Conclusion: The main factor associated with AR was regular acetaminophen use, while that associated with CARAS was cesarean delivery. The ISAAC-III questionnaire can be a useful low-cost tool to assess the factors associated with allergic diseases in adults in tropical countries.
Key words: Allergy, Allergic Rhinitis, Adult Asthma, Atopic Dermatitis, Allergen Immunotherapy, Tropical Climate
*Corresponding author: Elizabeth García, Fundación Santa Fe de Bogotá, Avenida 9 No. 116-20, Office 211, Bogotá 110111, Colombia. Email address: [email protected]
Received 6 February 2023; Accepted 30 March 2023; Available online 1 July 2023
Copyright: Peñaranda A, et al.
License: This open access article is licensed under Creative Commons Attribution 4.0 International (CC BY 4.0). http://creativecommons.org/licenses/by/4.0/
Introduction
The epidemiology of allergic diseases may be particularly different in tropical countries compared to high--income tempered countries.1,2 In sensitized patients, an environmental antigen (allergen) triggers immunoglobulin E–mediated inflammatory reactions.2 These environmental allergens may fluctuate among different geographic and socioeconomic conditions that prompt the existence of specific allergens.2–4 Current studies suggest that environmental variations induced by industrialization and climate change could partially explain the increase in the prevalence and severity of allergic disease, particularly in tropical countries.4 Overall, a high prevalence of allergic diseases has been described in tropical countries due to geographical and environmental characteristics.1,4 Allergic rhinitis (AR), asthma, and atopic dermatitis (AD) are the most frequent chronic diseases in childhood, with a worldwide prevalence of 33, 14, and 24%, respectively.5–7 Several epidemiologic studies assessing the prevalence and factors associated with allergic diseases have been performed worldwide such as the International Study of Asthma and Allergies in Childhood phase III (ISAAC-III).8,9 The ISAAC-III provides standardized data collection strategies for the epidemiologic research of allergic diseases.9
Despite ISAAC-III being initially developed for pediatric populations, a current study applied this self-reported tool together with an objective measure to assess the epidemiology of allergic diseases in an adult population.10 As self--reported suspicion is not enough for the diagnosis of allergic diseases, objective measures such as specific allergen tests (i.e., skin prick test [SPT]) should be performed.11–13 The SPT is a low-cost and minimally invasive sensitization test with a high positive predictive value (95–100%) for the diagnosis of IgE-mediated allergic diseases.13,14 Moreover, SPT allows the identification of specific allergens that are related to allergic symptoms.
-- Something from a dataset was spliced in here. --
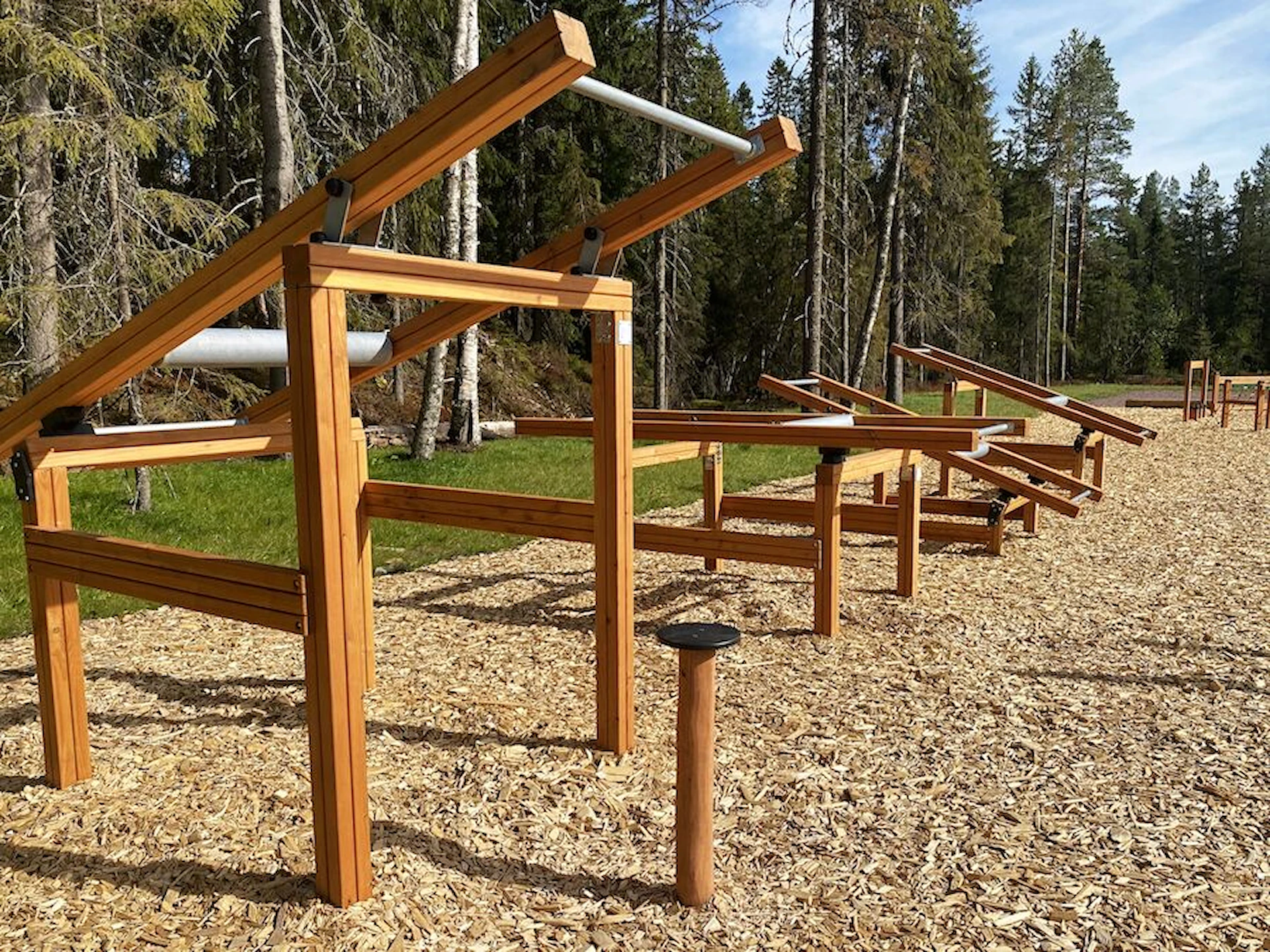 Däremot har vi många produkter utan trä som kan levereras i stort sett omgående, exempelvis Boulder Rocks, gungor, mål, basket, bordtennis, fristående rutschar, klätternät, studsmattor, bänkbord med mera.

The most frequent allergens in tropical countries are house dust mites (Blomia tropicalis, Dermatophagoides pteronyssinus and Dermatophagoides farinae), animal hair (dog, cat, horse, and others), and pollen (cypress, ash, etc).1,15 Targeting these allergens that trigger with immunotherapy has proved effective in the control of allergy symptoms, improvement of quality of life, increasing tolerance to allergen exposure, and leading to a reduction in conventional pharmacological treatment.16 Immunotherapy involves the frequent administration of high doses of standardized extracts of allergens via subcutaneous or sublingual route.16–18
Colombia is one of the tropical Latin American countries with the highest prevalence of allergic diseases.3,19 However, research on the epidemiology, medical, and sociodemographic factors associated with allergic diseases in adults using standardized methods is scarce.3,20 To date, no studies in Latin America assessed the factors associated with allergic diseases confirmed by SPT in patients undergoing specific immunotherapy. This study aimed to describe the medical, sociodemographic, and environmental factors associated with AR and asthma syndrome (CARAS)21 in adults aged 18–68 years undergoing specific immunotherapy in two allergy referral centers in Bogotá, Colombia: Fundación Santa Fe de Bogotá (FSFB) and Unidad-Medicoquirúrgica del ORL (UNIMEQ-ORL).
Materials and Methods
Study design
This is an observational, cross-sectional study conducted between January 2019 and January 2020 at the FSFB and UNIMEQ-ORL. The factors associated with AR and CARAS were determined by applying the self-administered ISAAC-III questionnaire in adult patients. All patients had a clinical diagnosis of AR or CARAS, confirmed with SPT, and were undergoing specific immunotherapy. The diagnosis of AR and CARAS and the prescription of immunotherapy were performed by allergists based on the European Academy of Allergy and Clinical Immunology (EAACI) guidelines16,22 and who were trained to support the fieldwork of this research. A sociodemographic questionnaire was also applied.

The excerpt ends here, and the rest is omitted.